Dataset records
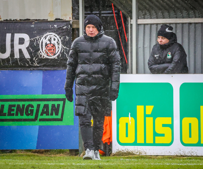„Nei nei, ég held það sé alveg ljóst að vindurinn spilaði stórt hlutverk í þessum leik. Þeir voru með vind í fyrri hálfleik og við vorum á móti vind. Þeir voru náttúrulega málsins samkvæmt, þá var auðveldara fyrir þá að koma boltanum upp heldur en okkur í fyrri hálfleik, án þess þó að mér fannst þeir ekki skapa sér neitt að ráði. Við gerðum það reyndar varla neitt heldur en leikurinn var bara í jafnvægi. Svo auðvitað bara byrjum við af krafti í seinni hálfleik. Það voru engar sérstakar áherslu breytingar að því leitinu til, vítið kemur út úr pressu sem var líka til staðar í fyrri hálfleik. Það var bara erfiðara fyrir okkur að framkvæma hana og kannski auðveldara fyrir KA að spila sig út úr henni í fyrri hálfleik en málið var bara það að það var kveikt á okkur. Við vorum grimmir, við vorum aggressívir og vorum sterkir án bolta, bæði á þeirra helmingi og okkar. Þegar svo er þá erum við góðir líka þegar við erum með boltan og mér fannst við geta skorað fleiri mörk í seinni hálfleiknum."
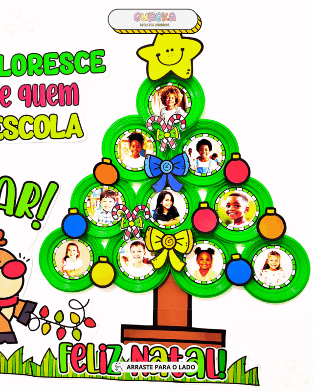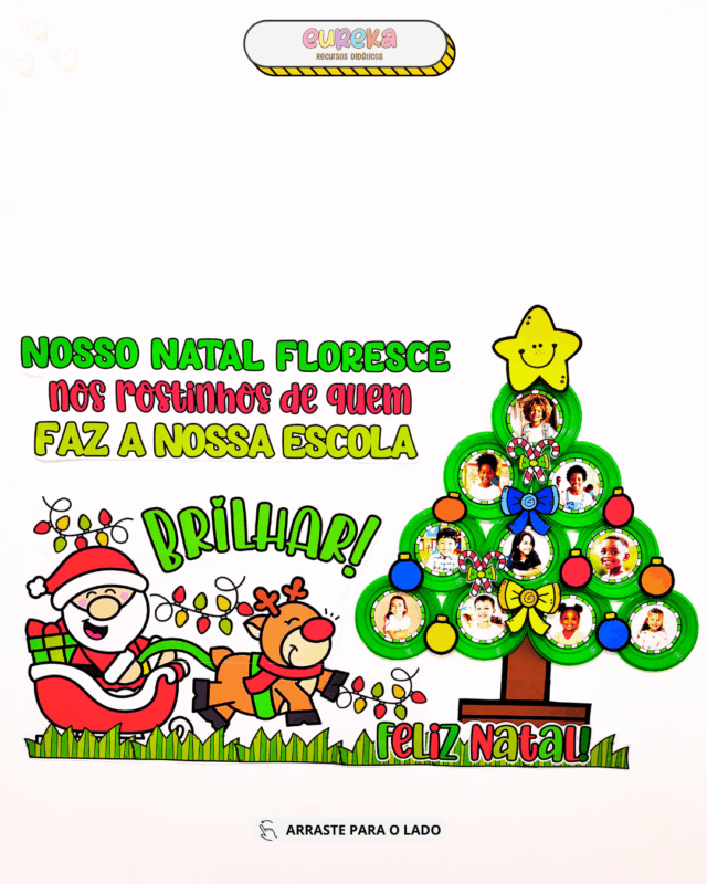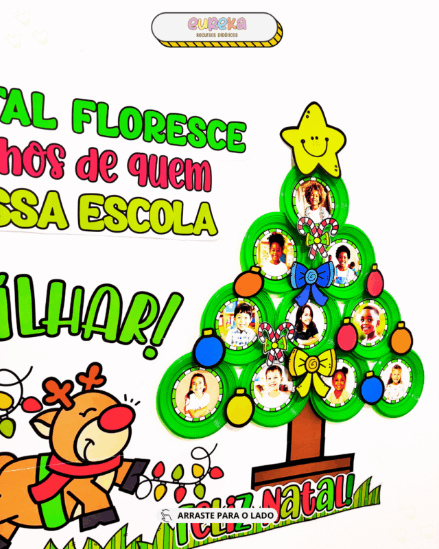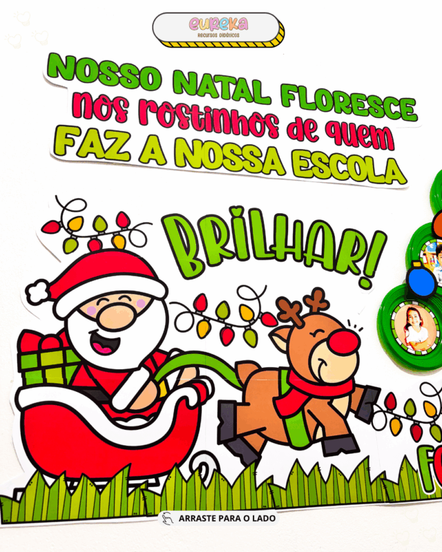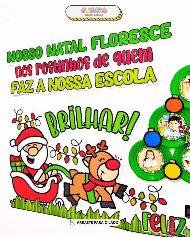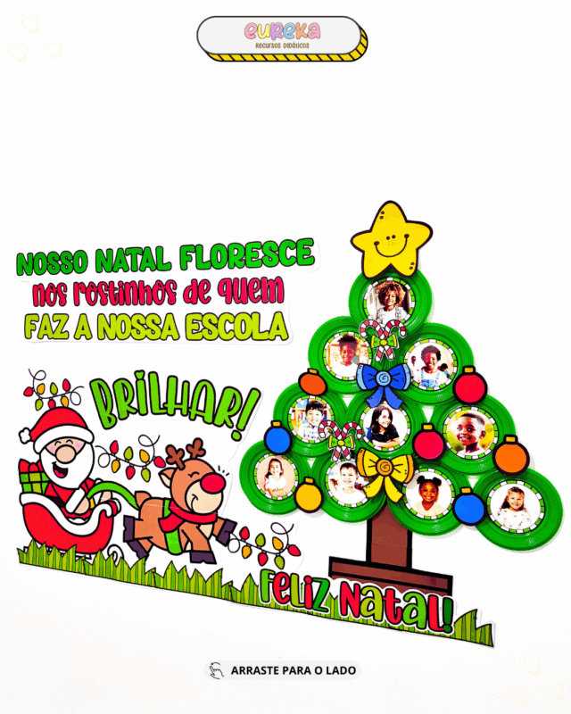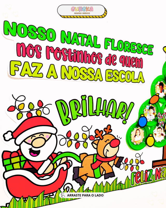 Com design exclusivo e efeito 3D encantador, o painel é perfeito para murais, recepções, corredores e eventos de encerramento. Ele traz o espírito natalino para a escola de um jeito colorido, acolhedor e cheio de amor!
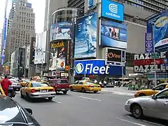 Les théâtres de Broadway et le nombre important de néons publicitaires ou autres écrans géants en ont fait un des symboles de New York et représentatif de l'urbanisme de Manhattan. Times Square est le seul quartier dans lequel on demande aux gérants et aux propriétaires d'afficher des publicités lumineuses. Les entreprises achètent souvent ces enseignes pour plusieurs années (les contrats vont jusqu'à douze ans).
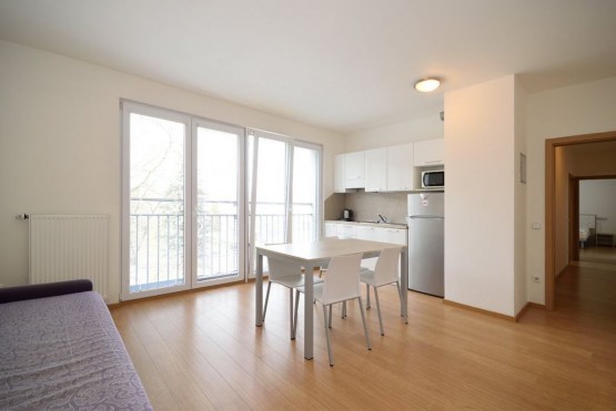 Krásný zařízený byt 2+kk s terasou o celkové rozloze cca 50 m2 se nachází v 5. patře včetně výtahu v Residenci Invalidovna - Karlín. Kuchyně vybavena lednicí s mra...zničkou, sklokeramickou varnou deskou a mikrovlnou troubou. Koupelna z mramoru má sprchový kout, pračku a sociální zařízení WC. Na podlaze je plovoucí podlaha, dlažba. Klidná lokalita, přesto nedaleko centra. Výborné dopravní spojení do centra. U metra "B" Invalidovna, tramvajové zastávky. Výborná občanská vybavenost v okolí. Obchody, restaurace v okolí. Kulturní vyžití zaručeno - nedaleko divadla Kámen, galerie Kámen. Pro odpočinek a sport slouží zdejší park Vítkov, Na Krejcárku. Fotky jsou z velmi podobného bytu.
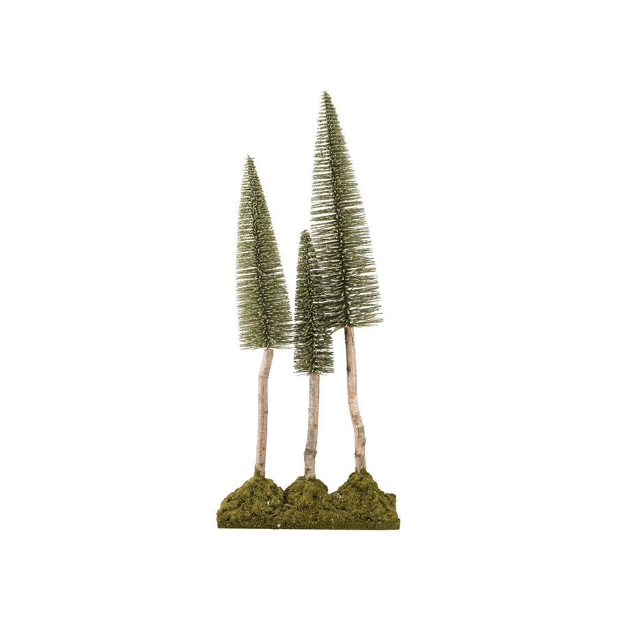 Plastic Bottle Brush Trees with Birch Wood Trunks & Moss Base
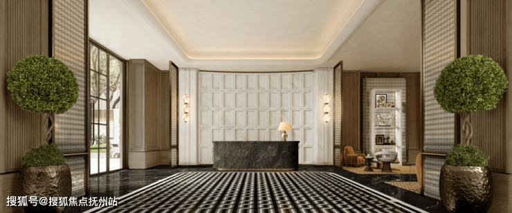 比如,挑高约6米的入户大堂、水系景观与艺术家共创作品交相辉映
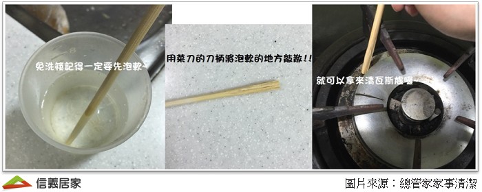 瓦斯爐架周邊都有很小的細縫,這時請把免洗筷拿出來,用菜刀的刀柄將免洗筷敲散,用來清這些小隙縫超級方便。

* [Aim of the exercise]: Taking the entries above, extract every line from the one bearing "Com design exclusivo" through the one bearing "Les théâtres de", exactly, with no pictures.

* [Output for this exercise]:
 Com design exclusivo e efeito 3D encantador, o painel é perfeito para murais, recepções, corredores e eventos de encerramento. Ele traz o espírito natalino para a escola de um jeito colorido, acolhedor e cheio de amor!
 Les théâtres de Broadway et le nombre important de néons publicitaires ou autres écrans géants en ont fait un des symboles de New York et représentatif de l'urbanisme de Manhattan. Times Square est le seul quartier dans lequel on demande aux gérants et aux propriétaires d'afficher des publicités lumineuses. Les entreprises achètent souvent ces enseignes pour plusieurs années (les contrats vont jusqu'à douze ans).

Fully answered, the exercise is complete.